# Then how about maple



## droptine (Sep 16, 2008)

I can have plenty of maple wood, sugar maple in particular from the farmer who allows me to hunt on his property. Any maple is good? Or is there any I should refrain from using?


----------



## bassman (Sep 16, 2008)

Maple is maple.  Just make sure it's dry.  Actually, I wish I had some maple to go along with some of the others I use.


----------



## travcoman45 (Sep 16, 2008)

Sugar maple is a bit sweeter then the others, but I'd never turn down any maple specially bein free!  I gets alot a maple round here, all good, just season it well.


----------



## walking dude (Sep 16, 2008)

maple ROCKS dude.........jump on THAT.........shirley you heard of maple smoked bacon haven't ya?

and dont call me shirley.............


----------



## monty (Sep 16, 2008)

Well, now. Maple is actually a really good smokin' wood. Take it off my land and get it in my wood pile.

Well seasoned maple compliments cherry, works well with mesquite and tempers hickory. I seldom use maple alone but when I do I am not disappointed.

As for maple bacon, that bacon is maple cured with maple syrup and then smoked with whatever wood.

Unfortunately the cheaper brands of maple bacon depend on chemicals for flavor. I have a couple of recipes for real old fashioned maple cured hams and bacons which I will some day try.  For the moment the recipes are from an individual who would rather not have them published. We'll se how that goes.

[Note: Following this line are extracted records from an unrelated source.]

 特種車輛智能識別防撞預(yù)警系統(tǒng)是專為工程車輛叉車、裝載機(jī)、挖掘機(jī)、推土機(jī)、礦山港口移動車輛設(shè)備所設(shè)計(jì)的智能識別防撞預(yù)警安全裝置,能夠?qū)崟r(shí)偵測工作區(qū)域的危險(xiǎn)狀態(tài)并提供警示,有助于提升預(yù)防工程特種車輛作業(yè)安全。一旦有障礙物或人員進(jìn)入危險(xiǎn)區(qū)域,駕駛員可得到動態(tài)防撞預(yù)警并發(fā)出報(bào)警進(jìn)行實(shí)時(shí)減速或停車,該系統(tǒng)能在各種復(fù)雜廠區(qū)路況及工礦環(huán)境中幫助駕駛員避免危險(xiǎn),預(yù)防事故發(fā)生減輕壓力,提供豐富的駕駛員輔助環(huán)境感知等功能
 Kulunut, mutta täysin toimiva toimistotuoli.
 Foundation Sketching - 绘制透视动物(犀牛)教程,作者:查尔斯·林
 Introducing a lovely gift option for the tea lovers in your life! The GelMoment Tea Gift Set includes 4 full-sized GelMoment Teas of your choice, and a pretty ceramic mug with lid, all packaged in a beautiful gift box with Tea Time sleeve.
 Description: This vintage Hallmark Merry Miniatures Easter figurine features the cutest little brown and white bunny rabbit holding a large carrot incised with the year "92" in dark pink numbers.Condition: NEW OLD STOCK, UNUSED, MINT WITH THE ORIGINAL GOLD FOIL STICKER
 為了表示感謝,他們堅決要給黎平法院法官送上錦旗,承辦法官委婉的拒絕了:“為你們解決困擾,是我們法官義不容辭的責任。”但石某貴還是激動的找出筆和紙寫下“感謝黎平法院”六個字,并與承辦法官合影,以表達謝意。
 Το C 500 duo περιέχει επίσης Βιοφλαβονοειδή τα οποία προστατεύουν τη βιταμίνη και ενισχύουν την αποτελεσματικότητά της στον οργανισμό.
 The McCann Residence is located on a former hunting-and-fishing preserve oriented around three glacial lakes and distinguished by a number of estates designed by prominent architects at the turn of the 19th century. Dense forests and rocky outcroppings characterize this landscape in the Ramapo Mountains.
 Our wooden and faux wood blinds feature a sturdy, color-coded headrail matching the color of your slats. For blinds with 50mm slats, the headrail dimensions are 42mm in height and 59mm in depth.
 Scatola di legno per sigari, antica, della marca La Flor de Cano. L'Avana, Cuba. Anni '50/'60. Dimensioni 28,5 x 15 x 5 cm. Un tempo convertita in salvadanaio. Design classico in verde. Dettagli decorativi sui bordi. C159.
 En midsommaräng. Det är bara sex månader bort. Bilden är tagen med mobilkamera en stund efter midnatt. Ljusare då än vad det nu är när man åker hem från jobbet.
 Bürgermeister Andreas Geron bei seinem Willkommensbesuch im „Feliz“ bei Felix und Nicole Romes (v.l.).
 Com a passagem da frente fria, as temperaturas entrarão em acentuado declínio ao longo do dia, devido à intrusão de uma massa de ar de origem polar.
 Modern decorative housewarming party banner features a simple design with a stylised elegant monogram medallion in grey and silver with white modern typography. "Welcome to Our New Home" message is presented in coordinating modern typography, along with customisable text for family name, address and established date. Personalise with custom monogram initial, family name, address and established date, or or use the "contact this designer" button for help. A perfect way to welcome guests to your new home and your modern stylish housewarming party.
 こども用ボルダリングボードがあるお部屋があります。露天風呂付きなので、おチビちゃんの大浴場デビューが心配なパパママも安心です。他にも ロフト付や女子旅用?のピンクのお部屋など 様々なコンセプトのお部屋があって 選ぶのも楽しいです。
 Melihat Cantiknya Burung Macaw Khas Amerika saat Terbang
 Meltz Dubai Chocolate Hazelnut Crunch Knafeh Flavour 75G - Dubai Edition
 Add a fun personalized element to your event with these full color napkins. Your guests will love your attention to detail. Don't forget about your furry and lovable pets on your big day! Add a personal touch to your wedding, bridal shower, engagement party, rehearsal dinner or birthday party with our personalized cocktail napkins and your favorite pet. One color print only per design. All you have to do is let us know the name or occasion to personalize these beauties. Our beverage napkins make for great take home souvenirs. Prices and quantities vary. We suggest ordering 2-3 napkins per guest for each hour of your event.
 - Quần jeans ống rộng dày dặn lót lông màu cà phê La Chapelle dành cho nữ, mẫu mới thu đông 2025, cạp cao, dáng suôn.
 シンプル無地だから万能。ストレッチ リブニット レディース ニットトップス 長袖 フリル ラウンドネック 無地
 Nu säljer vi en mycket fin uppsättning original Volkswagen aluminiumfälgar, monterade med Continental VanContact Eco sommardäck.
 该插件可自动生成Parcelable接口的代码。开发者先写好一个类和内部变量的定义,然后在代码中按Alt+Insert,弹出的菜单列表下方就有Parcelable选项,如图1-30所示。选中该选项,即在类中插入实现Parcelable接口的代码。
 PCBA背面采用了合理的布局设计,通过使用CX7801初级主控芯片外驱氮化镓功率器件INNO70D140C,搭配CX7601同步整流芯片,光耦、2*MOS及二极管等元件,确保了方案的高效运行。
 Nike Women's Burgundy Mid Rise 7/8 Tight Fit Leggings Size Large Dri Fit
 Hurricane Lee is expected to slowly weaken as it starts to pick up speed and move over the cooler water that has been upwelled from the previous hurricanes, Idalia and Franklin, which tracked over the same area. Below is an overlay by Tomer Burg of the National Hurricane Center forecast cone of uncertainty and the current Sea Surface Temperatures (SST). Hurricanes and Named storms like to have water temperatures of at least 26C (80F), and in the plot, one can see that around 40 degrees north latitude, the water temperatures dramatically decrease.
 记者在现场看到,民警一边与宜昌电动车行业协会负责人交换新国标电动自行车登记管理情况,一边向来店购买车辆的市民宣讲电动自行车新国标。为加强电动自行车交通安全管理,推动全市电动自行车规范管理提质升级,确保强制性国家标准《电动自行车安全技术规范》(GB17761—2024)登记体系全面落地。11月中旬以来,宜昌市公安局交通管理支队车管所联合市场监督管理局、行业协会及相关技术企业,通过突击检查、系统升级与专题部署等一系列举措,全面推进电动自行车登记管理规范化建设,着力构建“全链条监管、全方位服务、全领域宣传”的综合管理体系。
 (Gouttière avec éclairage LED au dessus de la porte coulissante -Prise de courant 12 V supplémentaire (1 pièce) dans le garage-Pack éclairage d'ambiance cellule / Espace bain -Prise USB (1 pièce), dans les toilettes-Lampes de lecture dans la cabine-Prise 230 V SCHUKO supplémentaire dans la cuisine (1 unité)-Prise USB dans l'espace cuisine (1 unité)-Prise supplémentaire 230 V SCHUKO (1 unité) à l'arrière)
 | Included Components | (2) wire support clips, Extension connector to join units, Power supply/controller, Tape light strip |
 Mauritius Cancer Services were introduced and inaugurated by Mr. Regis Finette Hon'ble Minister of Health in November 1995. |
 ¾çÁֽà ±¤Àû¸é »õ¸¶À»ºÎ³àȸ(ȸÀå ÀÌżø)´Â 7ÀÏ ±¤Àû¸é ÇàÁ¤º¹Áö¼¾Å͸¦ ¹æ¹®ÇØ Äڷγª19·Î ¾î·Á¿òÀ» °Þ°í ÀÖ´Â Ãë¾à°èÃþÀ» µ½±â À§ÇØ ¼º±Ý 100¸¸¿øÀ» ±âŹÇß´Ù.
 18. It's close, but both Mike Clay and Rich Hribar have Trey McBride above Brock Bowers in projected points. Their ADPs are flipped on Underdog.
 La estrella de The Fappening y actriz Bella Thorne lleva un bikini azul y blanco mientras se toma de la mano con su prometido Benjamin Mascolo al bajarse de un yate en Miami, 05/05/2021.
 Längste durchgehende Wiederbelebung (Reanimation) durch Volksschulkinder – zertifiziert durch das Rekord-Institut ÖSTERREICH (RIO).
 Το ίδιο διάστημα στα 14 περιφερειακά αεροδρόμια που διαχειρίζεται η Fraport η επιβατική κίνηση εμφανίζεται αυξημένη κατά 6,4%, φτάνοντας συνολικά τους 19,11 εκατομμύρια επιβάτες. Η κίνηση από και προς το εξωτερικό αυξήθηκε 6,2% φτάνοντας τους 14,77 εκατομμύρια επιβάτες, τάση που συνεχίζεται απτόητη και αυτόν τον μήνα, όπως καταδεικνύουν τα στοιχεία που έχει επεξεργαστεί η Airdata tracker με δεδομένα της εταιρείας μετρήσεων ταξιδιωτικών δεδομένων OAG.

But here in Vermont the maple thing is a big thing!

Cheers!


----------



## walking dude (Sep 16, 2008)

so much for truth in advertising..........


----------



## monty (Sep 16, 2008)

Yup! So much for truth in advertizing. And so much for truth in labeling, too!

Read labels carefully. Are you gonna buy a pound of "Maple Cured" bacon or are you gonna buy a pound of"Maple Flavored" bacon. BIG DIFF!

But as for maple smoke....delicious, light and sweet providing the wood is well seasoned

Cheers!


----------



## richtee (Sep 16, 2008)

Indeed... almost as if it will smoke the meat, yet not really "flavor" it. Try it out!


----------



## smoking gun (Sep 17, 2008)

This thread was right on time. I have access to a LOT of maple right now. All I care to load on the truck. It's already cut, all I have to do is split it and let it season. Thanks guys.


----------



## travcoman45 (Sep 17, 2008)

WD:  A clean house is not the sign of a broken computer, it be a sign somebody ain't smokin enough!


----------